Even better if this works with this shared memory, because I think it would allow AICI runtime host to be almost entirely "hands off" on the shared memory and the inner loop as it acts as an intermediary between the LLM and the AICI controller guests. This would give the guests the ability to write full logit maps, even participate in the sampling step of the LLM.
Thanks for all the links, that definitely helps paint a better picture of the system we're talking about.

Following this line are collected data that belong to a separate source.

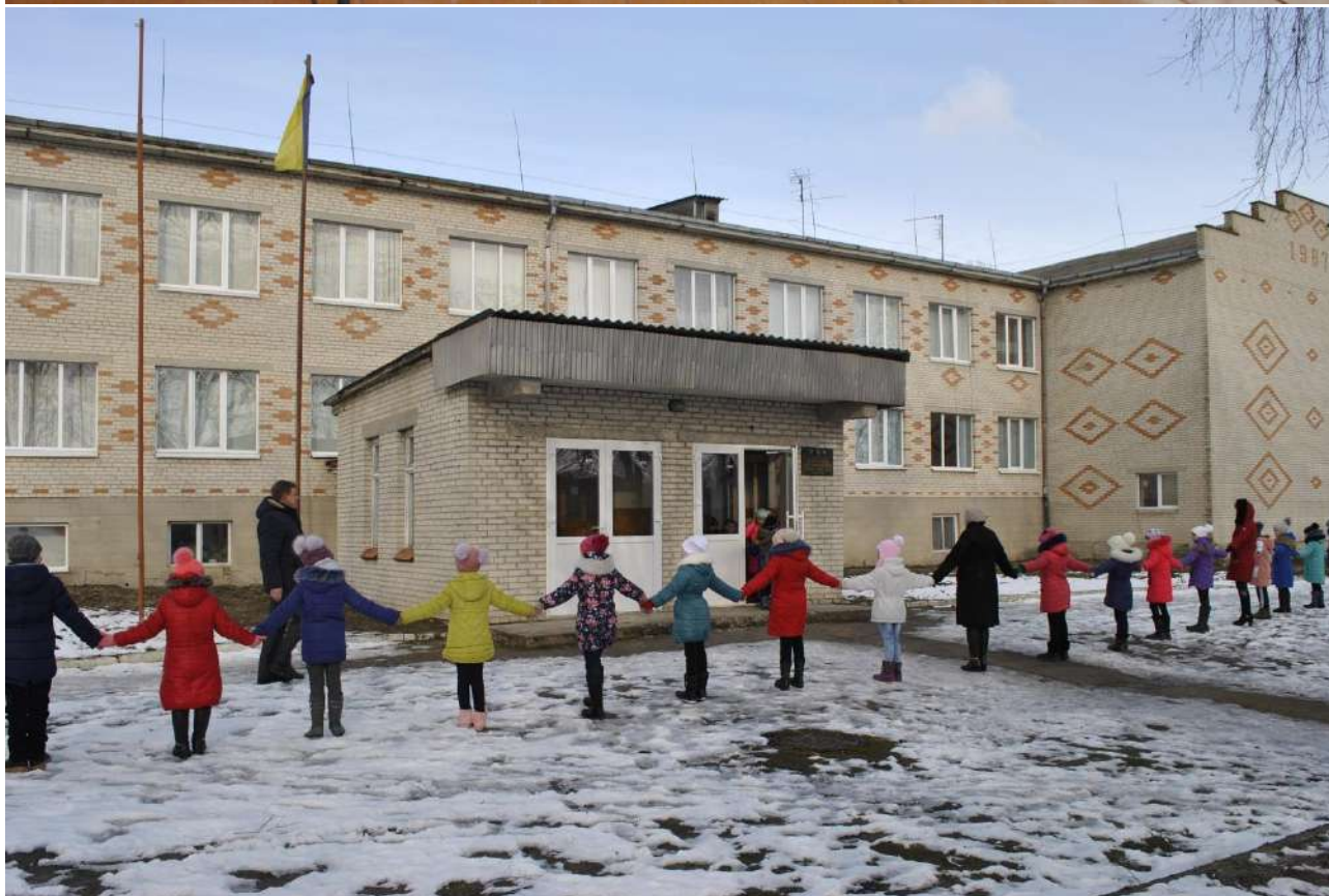
Флешмоб до Дня Соборності «Обійми школу»
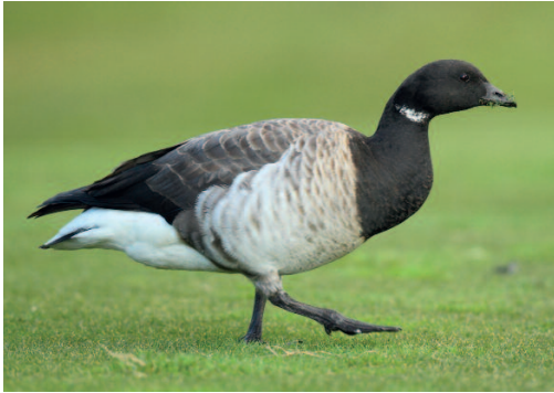
Barnacla carinegra 'groenlandesa' Branta bernicla hrota . Buenavista del Norte, Tenerife (Santa Cruz de Tenerife, 16 de febrero.

febrero a 23 de febrero (Beneharo Rodríguez, Juan Curbelo, Airam Rodríguez, Domingo Trujillo, Rob Batchelder) (1, 3).
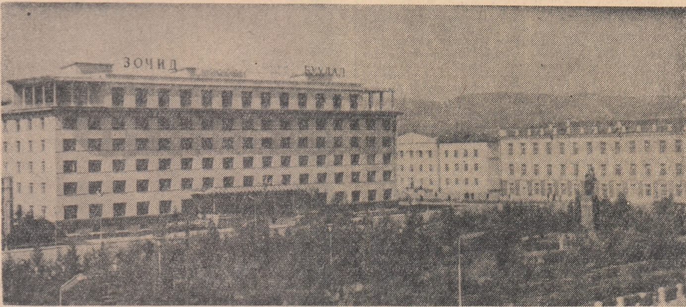
R. P. MONGOLĂ. Vedere din Ulan Bator

Autorul articolului subliniază că această situație este in primul rînd consecința „extinderii războiului in Vietnam de către Johnson și in intervenției sale masive in Republica Dominicană. Inaintea acestor două evenimente alianța occidentală resimțea numai presiunile și întreaga însoțire pe care o presupune sfîrșitul dependenței europene postbelice față de Statele Unite”.
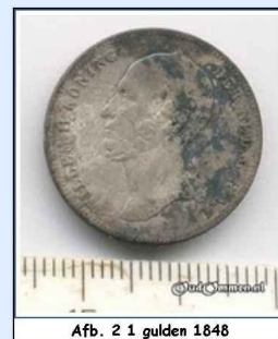
Afb. 2 1 gulden 1848
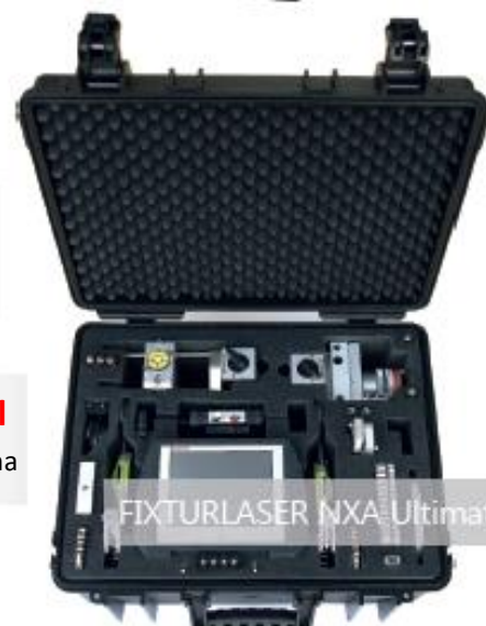
FIXTURLASER NXA Ultimate
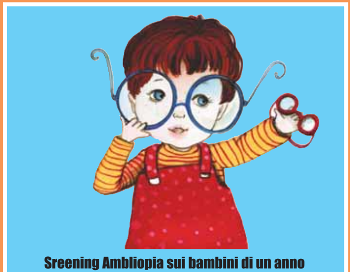
Screening Ambliopia sui bambini di un anno
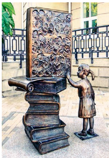
Помнік кнізе. Горад Таганрог (Расія)
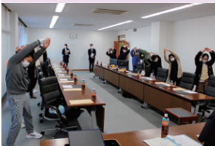
①子ども議員集合！ストレッチで緊張をほぐそう

I didn't read all the code, so I may be missing the bigger picture, but from my brief reading, it looks like the shmem is being mmap'ed into a location outside of wasm's default linear memory (pointed to by logit_ptr
) and then aici_host_return_logit_bias
is copying out of wasm's linear memory (via read_caller_mem
) into logit_ptr
. Thus, if you were to transition aici_host_return_logit_bias
to WIT using a list<u8>
, the host implementation would be passed an i32
offset into linear memory (just like it is now) and the same copy-into-shmem could happen in the host and there would be no regression.
It is worth asking how we could further improve upon this situation by even fancier mapping techniques, that further reduced copying, of course. But at least, if I'm not missing something, we'd not be regressing things as-is, so we could open this up as a future optimization discussion.